Schools are out and many organizations bolster their staffs with temporary or seasonal help. The Occupational Safety and Health Administration (OSHA) and the American Staffing Association recently signed an alliance to work together to further protect temporary employees from workplace hazards. OSHA has been monitoring and reporting on the state of temporary worker safety through its National Advisory Committee on Occupational Safety and Health's (NACOSH) Temporary Worker workgroup very closely as this sector has grown. ASA, founded in 1966, serves as the voice of the U.S. staffing and recruiting industry. With more than 1,600 members, ASA advances the interests of staffing and recruiting firms through advocacy, public relations and education.
Both groups firmly believe that all workers have the right to be safe, regardless of how long they have been on the job.
After their meeting in late May, the two organizations announced an outreach program that will seek to educate temporary workers about their rights and teach staffing firms and their clients about their responsibility to protect workers under the Occupational Safety and Health Act (OSH). This was following the early May meeting of NACOSH Temporary Worker group to discuss gaps in temporary worker health and safety training.
During a meeting last summer, NACOSH discussed rising concerns about temporary worker safety. One example shared with the group involved a 21 year-old male temporary worker that died his first day on the job at bottling plant in Florida. The young man was crushed to death while cleaning glass from inside a palletizer. An investigation revealed that he was never trained in the Lockout/Tagout procedures, simple, but mandatory protocols that would have saved his life. Numerous examples of temporary workers having fatal injuries within their first few days on the job were cited. Given the growing size of the temporary workforce, OSHA instructed its inspectors to pay particular attention to whether or not employers were complying with their responsibilities under the OSH Act when it comes to temporary employees.

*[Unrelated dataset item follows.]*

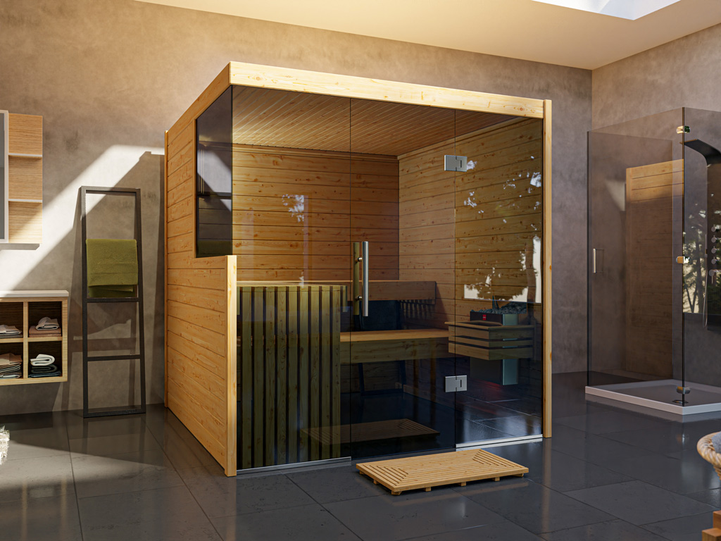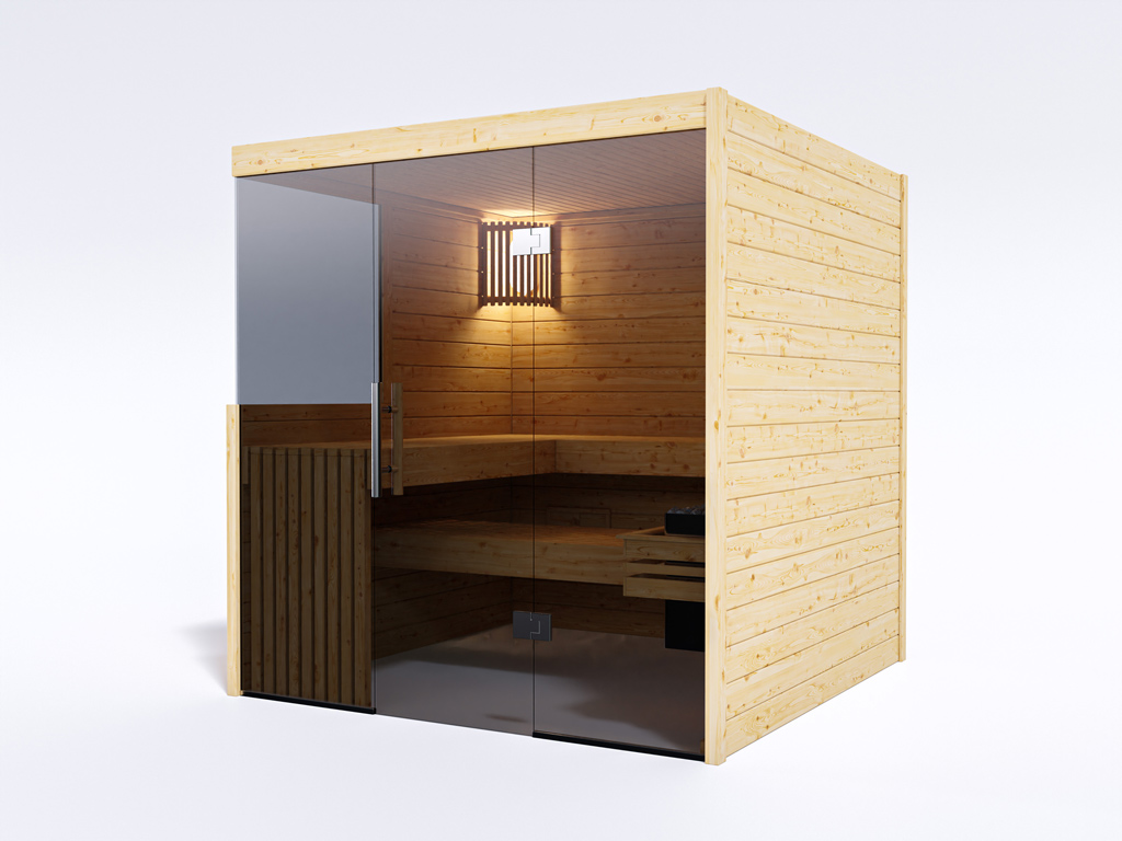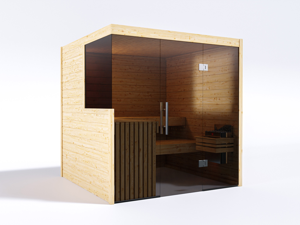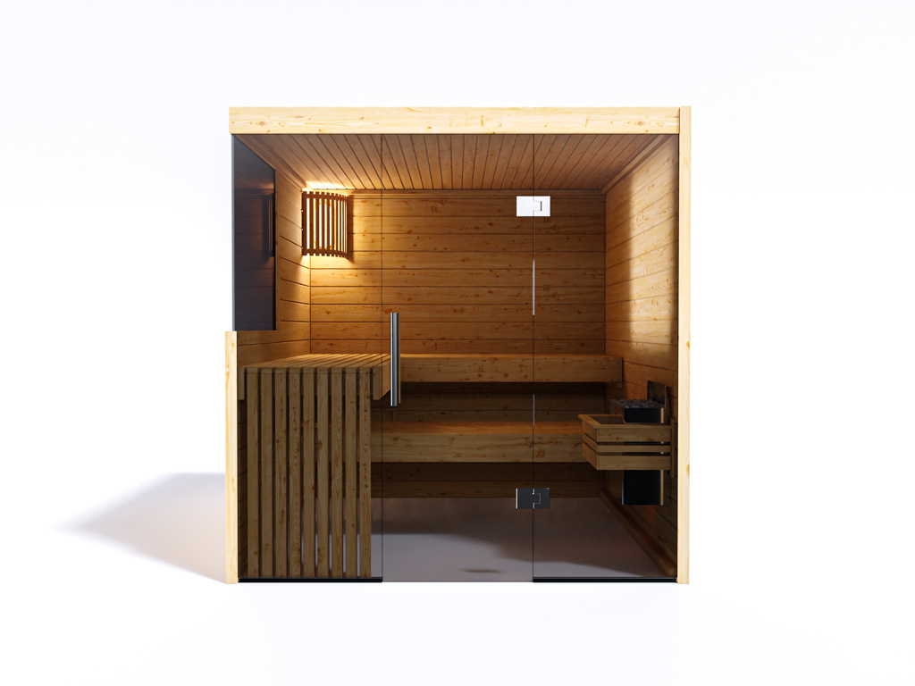 Het voordeel van een massief houten sauna ligt in zijn natuurlijkheid met 100% Scandinavisch vurenhout. Door het lage risico op splinters en het lage aandeel hars en knoesten is vurenhout ideaal voor de saunabouw. Natuurlijk massief hout heeft ook zeer goede warmteopslageigenschappen, zodat temperaturen langzaam kunnen worden op- en afgebouwd en langdurig kunnen worden gehandhaafd. Daarnaast worden harsen op houtbasis en etherische oliën tijdens de sauna gemengd in het gezonde klimaat.

OSHA and NACOSH believe one huge step toward protecting temporary workers is education. That's why the alliance with the ASA is critical. "Through this alliance with the ASA, we will increase outreach to staffing agencies and host employers and provide information and education that is vital to protecting temporary workers," said Dr. David Michaels, assistant secretary of Labor for Occupational Safety and Health.
Who is Protected?
For OSHA's initiative, "temporary workers" are defined as those supplied to a host employer and paid by a staffing agency. However, the Bureau of Labor Statistics includes contingent workers, independent contractors, on-call workers, temporary help agency workers and workers employed by contract firms in its "temporary worker" category. Regardless of the category, it's important that managers know employees are protected under the OSH Act, regardless of their status. . Apparently, one pitfall that the NACOSH meeting brought to light is that often times managers or supervisors, even owners, will ask a temporary employee if he or she is familiar with a piece of equipment. The employee may be embarrassed to admit that he or she is not. Employers must be careful to not take for granted that a temporary worker has already received adequate training elsewhere—by law everyone on the work site has the right to safe working conditions and it is always the employer’s responsibility to provide proper training or demonstrate that the employee has had the proper training through documentation. No exceptions.